### Data below

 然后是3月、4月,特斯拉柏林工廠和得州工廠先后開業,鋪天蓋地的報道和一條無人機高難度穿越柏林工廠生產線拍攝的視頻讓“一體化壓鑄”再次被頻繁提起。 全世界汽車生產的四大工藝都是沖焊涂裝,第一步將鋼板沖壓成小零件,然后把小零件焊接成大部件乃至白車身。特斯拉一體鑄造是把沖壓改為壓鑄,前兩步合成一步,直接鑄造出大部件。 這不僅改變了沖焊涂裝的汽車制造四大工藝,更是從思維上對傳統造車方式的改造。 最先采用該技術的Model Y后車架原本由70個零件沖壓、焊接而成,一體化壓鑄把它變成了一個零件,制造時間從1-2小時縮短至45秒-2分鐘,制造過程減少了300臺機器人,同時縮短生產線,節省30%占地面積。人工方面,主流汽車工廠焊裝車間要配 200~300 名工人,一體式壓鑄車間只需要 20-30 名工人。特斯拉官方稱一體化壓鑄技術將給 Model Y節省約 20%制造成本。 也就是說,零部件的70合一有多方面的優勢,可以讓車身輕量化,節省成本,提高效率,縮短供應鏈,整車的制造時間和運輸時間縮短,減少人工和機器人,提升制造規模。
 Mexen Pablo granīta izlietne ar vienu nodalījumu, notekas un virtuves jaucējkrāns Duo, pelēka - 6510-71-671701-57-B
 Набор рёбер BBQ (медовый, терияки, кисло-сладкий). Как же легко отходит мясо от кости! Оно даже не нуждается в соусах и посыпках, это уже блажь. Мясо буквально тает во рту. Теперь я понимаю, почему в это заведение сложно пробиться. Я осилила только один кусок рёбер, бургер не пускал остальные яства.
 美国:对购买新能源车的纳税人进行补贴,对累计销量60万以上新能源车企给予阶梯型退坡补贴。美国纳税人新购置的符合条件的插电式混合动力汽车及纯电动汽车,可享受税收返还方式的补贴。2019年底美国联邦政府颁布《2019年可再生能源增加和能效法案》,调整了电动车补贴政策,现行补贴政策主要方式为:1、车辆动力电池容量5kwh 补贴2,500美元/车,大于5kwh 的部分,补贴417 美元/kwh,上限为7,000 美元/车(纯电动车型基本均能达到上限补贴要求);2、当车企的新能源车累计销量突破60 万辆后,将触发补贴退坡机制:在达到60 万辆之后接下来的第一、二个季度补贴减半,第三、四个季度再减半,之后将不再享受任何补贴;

######

(Your task): Repeat the material, keeping every word exactly as it is.

(Task response):
 然后是3月、4月,特斯拉柏林工廠和得州工廠先后開業,鋪天蓋地的報道和一條無人機高難度穿越柏林工廠生產線拍攝的視頻讓“一體化壓鑄”再次被頻繁提起。 全世界汽車生產的四大工藝都是沖焊涂裝,第一步將鋼板沖壓成小零件,然后把小零件焊接成大部件乃至白車身。特斯拉一體鑄造是把沖壓改為壓鑄,前兩步合成一步,直接鑄造出大部件。 這不僅改變了沖焊涂裝的汽車制造四大工藝,更是從思維上對傳統造車方式的改造。 最先采用該技術的Model Y后車架原本由70個零件沖壓、焊接而成,一體化壓鑄把它變成了一個零件,制造時間從1-2小時縮短至45秒-2分鐘,制造過程減少了300臺機器人,同時縮短生產線,節省30%占地面積。人工方面,主流汽車工廠焊裝車間要配 200~300 名工人,一體式壓鑄車間只需要 20-30 名工人。特斯拉官方稱一體化壓鑄技術將給 Model Y節省約 20%制造成本。 也就是說,零部件的70合一有多方面的優勢,可以讓車身輕量化,節省成本,提高效率,縮短供應鏈,整車的制造時間和運輸時間縮短,減少人工和機器人,提升制造規模。
 Mexen Pablo granīta izlietne ar vienu nodalījumu, notekas un virtuves jaucējkrāns Duo, pelēka - 6510-71-671701-57-B
 Набор рёбер BBQ (медовый, терияки, кисло-сладкий). Как же легко отходит мясо от кости! Оно даже не нуждается в соусах и посыпках, это уже блажь. Мясо буквально тает во рту. Теперь я понимаю, почему в это заведение сложно пробиться. Я осилила только один кусок рёбер, бургер не пускал остальные яства.
 美国:对购买新能源车的纳税人进行补贴,对累计销量60万以上新能源车企给予阶梯型退坡补贴。美国纳税人新购置的符合条件的插电式混合动力汽车及纯电动汽车,可享受税收返还方式的补贴。2019年底美国联邦政府颁布《2019年可再生能源增加和能效法案》,调整了电动车补贴政策,现行补贴政策主要方式为:1、车辆动力电池容量5kwh 补贴2,500美元/车,大于5kwh 的部分,补贴417 美元/kwh,上限为7,000 美元/车(纯电动车型基本均能达到上限补贴要求);2、当车企的新能源车累计销量突破60 万辆后,将触发补贴退坡机制:在达到60 万辆之后接下来的第一、二个季度补贴减半,第三、四个季度再减半,之后将不再享受任何补贴;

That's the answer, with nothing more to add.